### [AVAILABLE RECORDS]
BEGIN
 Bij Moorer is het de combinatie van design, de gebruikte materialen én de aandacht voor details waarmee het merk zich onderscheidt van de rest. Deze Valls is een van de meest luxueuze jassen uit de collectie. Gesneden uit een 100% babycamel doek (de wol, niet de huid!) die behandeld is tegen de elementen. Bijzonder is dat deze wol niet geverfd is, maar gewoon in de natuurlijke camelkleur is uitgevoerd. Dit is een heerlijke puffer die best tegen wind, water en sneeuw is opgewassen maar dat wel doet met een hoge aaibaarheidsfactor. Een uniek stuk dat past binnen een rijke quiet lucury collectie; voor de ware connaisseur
END
BEGIN
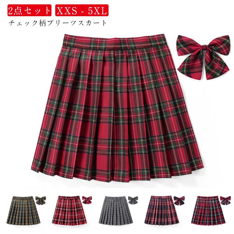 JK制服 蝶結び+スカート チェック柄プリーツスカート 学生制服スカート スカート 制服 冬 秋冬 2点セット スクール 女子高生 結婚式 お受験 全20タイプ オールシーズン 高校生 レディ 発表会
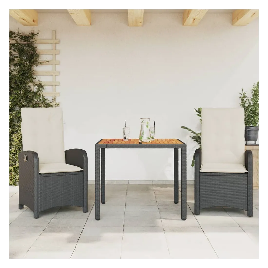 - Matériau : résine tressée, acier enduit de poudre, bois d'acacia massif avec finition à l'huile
END
BEGIN
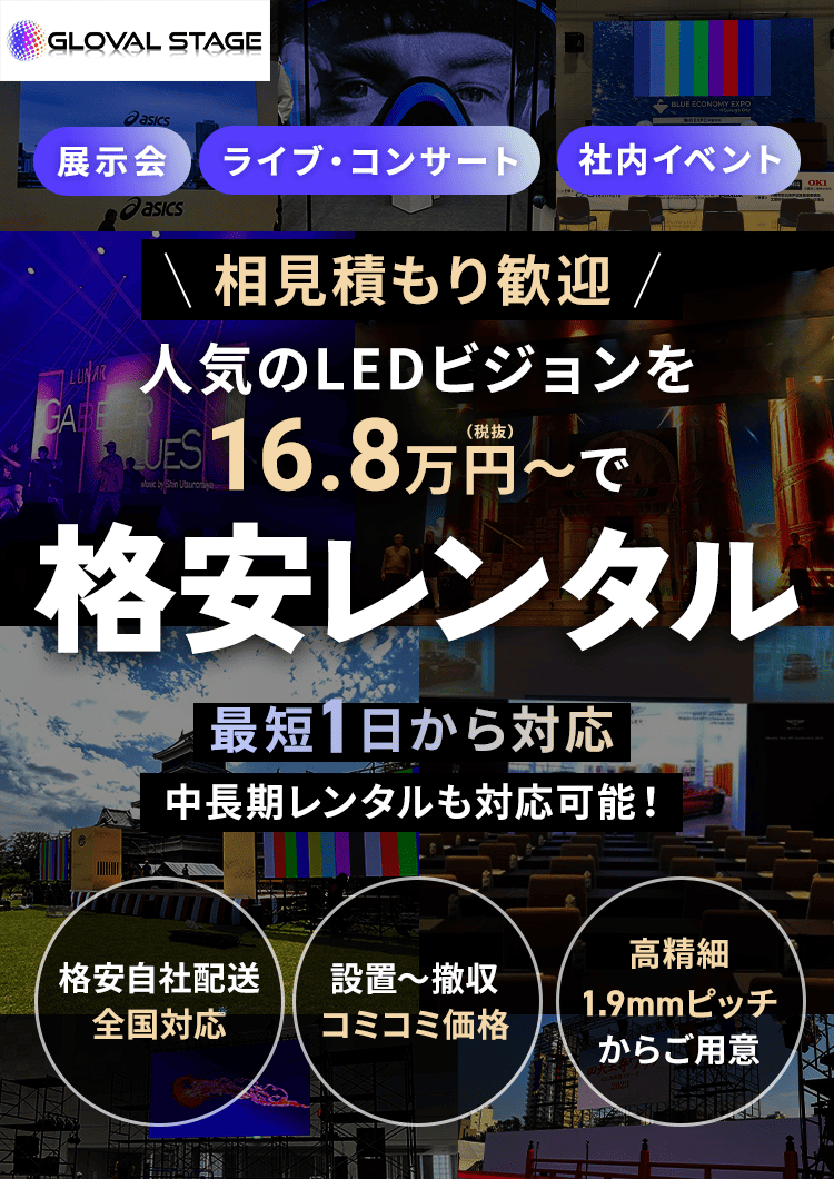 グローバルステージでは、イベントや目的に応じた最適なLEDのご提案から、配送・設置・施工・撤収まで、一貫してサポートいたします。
END
### [EXERCISE INSTRUCTIONS]
The reply should hold the entries above from the line with "JK制服 蝶結び+スカート チェック柄プリーツスカート" to the line with "- Matériau : résine", duplicated exactly, pictures excluded.

### [YOUR SOLUTION]
 JK制服 蝶結び+スカート チェック柄プリーツスカート 学生制服スカート スカート 制服 冬 秋冬 2点セット スクール 女子高生 結婚式 お受験 全20タイプ オールシーズン 高校生 レディ 発表会
 - Matériau : résine tressée, acier enduit de poudre, bois d'acacia massif avec finition à l'huile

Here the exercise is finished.